Second, coverage is implemented using sys.settrace(), so extra code is called every time the stack frame changes in the interpreter. It's also incompatible with many debuggers and the time you most need a debugger might in fact be when you found a bug. Given that it was fragile and wasn't helping much we took out the coverage based stuff, but we're quite excited about the possibility of targeted property based testing.

In my opinion targeted PBT is a fairly fragile technique. While in certain situations it is impressively powerful it also relies on the use of choosing a useful target function and often there isn't a target function which corresponds really well with bugginess - so while we might be able to drive to particular extremes of our input space, whether that actually helps us find bugs is kind of unclear.

We added targeted property-based testing in Hypothesis 4.38, in October 2019, a few months after I gave this talk, so you can try it out and let us know whether it helps.

Zoomed-out view of a very complicated flow-chart, labelled 'symbolic execution'

Third technique: symbolic execution.

Instead of executing your code with specific values, if you're using symbolic execution you analyse the code you calculate the different branches that can be taken through and you make an exhaustive list of all the distinct paths through your code.

This is a little more tractable than exhaustive testing; it might be that for the purposes of your code every positive integer is treated identically and so with symbolic execution you could analyse all of those at a single go.

I'll admit that by my definition of testing where your code is actually executed this is not testing but bear with me!

In my view this is somewhere between fragile and futile for large Python functions. You can do it reliably for small functions, but when you get up to larger code bases you come into a couple of problems. The first is the Python is amazingly magical, for example you can patch things at runtime or even execute code that was delivered as bytecode over the network, and that means that it is really hard to be sure just from reading the source code exactly what Python will do. This is made harder by the fact that Python doesn't actually have a standard semantic definition; Python has a reference implementation which means that by definition Python is whatever the CPython interpreter does! That makes it pretty hard to write a symbolic execution engine because the behaviour of the CPython interpreter keeps changing when they keep working on it. All that said I really like symbolic execution. If only there was some way to make this work...

Concrete being poured from a truck, labelled 'concolic execution'

Concolic execution is where we combine concrete values and symbolic execution.

It's a bait-and-switch: we do symbolic execution for a while, everything is nice and abstract, and then eventually we get stuck. At that point we calculate a specific Python value would have made it through this sequence of branches to get here - and then call the code with that value and see what happens! It's totally cheating and it's awesome.

To my knowledge no one is doing this for Python at all - there are a couple of prototypes but nothing production-ready. Python is a complicated and dynamic language, but it would be really cool to get this working!

Because the chain of branches can get very complex, in practice we usually use what's called a SAT- solver to work out what combination of values would actually get to a particular part of our code. A SAT-solver is a thing which solves the Boolean satisfiability problem - in short, whether each of the variables in a Boolean formula can be replaced by either True or False and have the result be True.

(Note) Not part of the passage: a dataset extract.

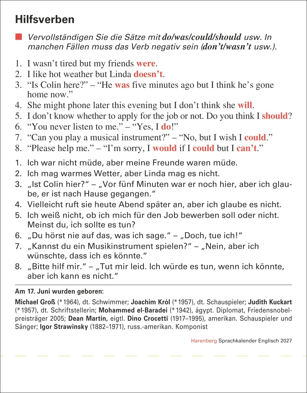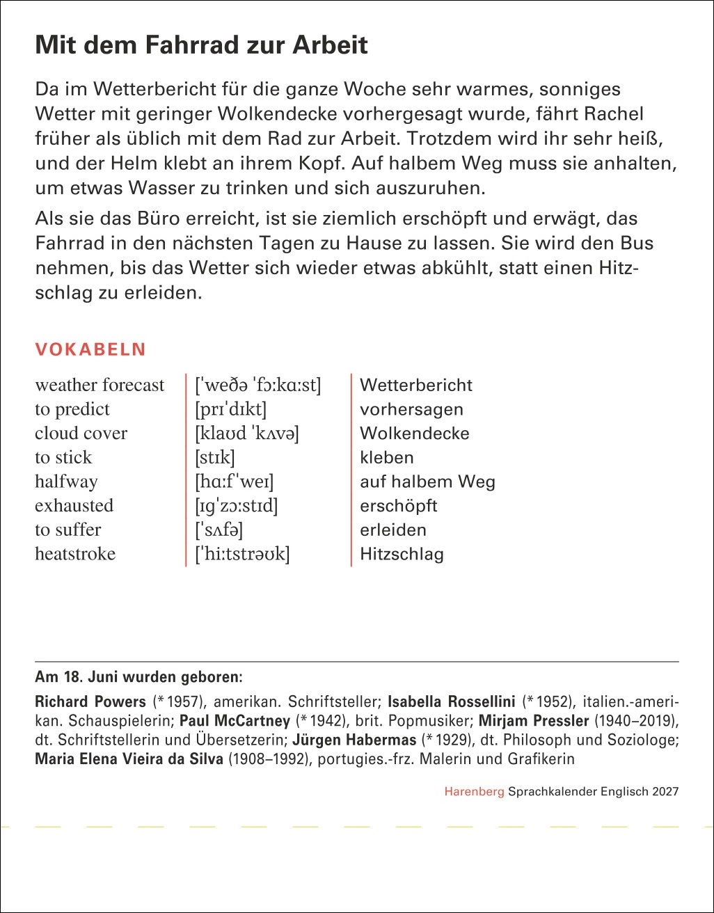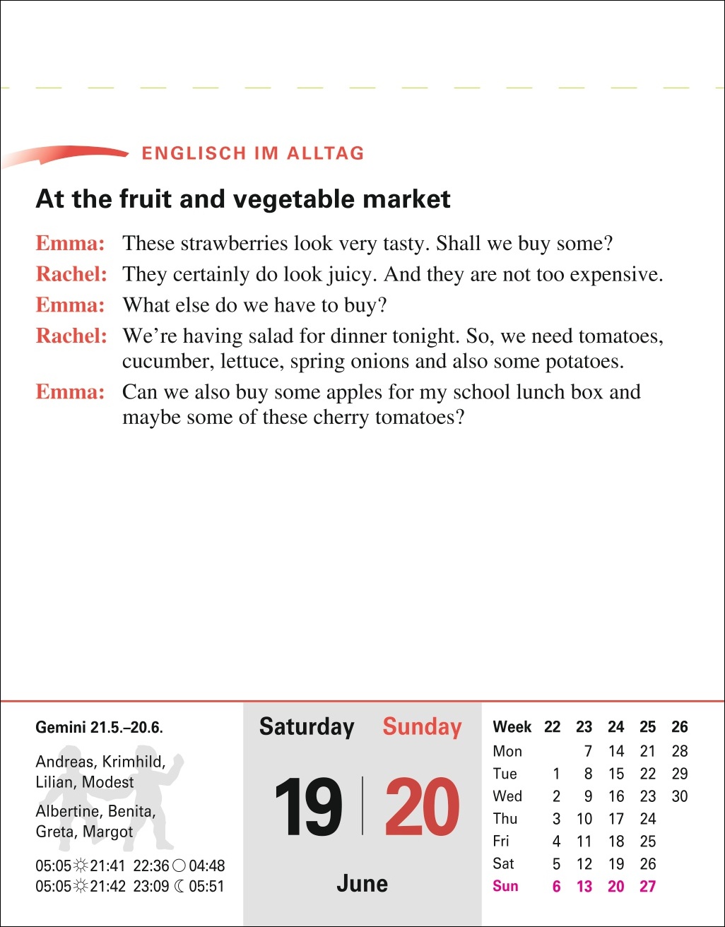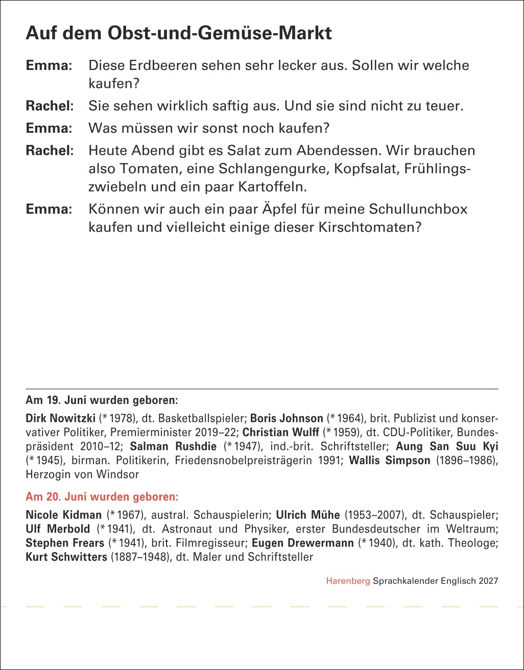 • Ein Abreißkalender mit mehr als 600 Seiten Alltagsdialogen, Landeskunde, verständlich erklärter Grammatik und abwechslungsreichen Übungen

A SAT-solver will then use various heuristics and various special techniques to try to find some set of assignments to those variables which satisfies all of the equations. This is amazing because the problem is NP-complete! That means that we can always check the answer efficiently (i.e. do the assignments and evaluate the formula), but there is no efficient way to find an answer - you have to try the exponential number of possibilities. (If I'm wrong, you've proved P=NP and won a million-dollar prize!)

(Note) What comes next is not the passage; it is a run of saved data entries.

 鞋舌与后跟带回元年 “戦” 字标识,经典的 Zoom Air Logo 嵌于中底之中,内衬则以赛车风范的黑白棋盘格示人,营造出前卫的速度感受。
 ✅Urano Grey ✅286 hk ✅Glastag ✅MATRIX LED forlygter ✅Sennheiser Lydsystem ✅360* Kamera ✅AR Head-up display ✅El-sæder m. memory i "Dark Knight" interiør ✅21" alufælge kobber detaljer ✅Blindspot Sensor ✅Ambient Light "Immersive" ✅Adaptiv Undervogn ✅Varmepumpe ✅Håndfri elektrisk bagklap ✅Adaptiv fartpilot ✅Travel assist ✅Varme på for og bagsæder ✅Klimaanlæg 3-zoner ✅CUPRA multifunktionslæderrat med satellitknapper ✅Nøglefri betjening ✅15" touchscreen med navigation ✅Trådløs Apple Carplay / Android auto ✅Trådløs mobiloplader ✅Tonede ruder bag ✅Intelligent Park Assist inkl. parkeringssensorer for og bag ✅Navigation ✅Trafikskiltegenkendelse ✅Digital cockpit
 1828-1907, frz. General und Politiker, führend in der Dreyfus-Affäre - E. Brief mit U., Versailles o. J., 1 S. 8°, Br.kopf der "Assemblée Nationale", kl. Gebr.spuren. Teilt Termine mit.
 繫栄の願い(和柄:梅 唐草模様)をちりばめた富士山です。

SAT-solvers almost always work anyway. It's in principle impossible that they always work, and yet they usually work! I have no idea how that happens but I am so so delighted that they exist.

A listing of Python code, labelled 'constructing programs'

The final technique which I will admit I am also really excited about is constructing programs. Not just a list of numbers, or some particular file format, but getting our property based testing library or our fuzzing tool to generate Python code itself!

This would be pretty cool - we could test everything from linters or auto-formatters; does the type checker work on arbitrary programs; we could even check competing implementations. Take PyPy and CPython - I could check that they execute when they execute any program they give the same output, and there are a couple of ways that we could do this.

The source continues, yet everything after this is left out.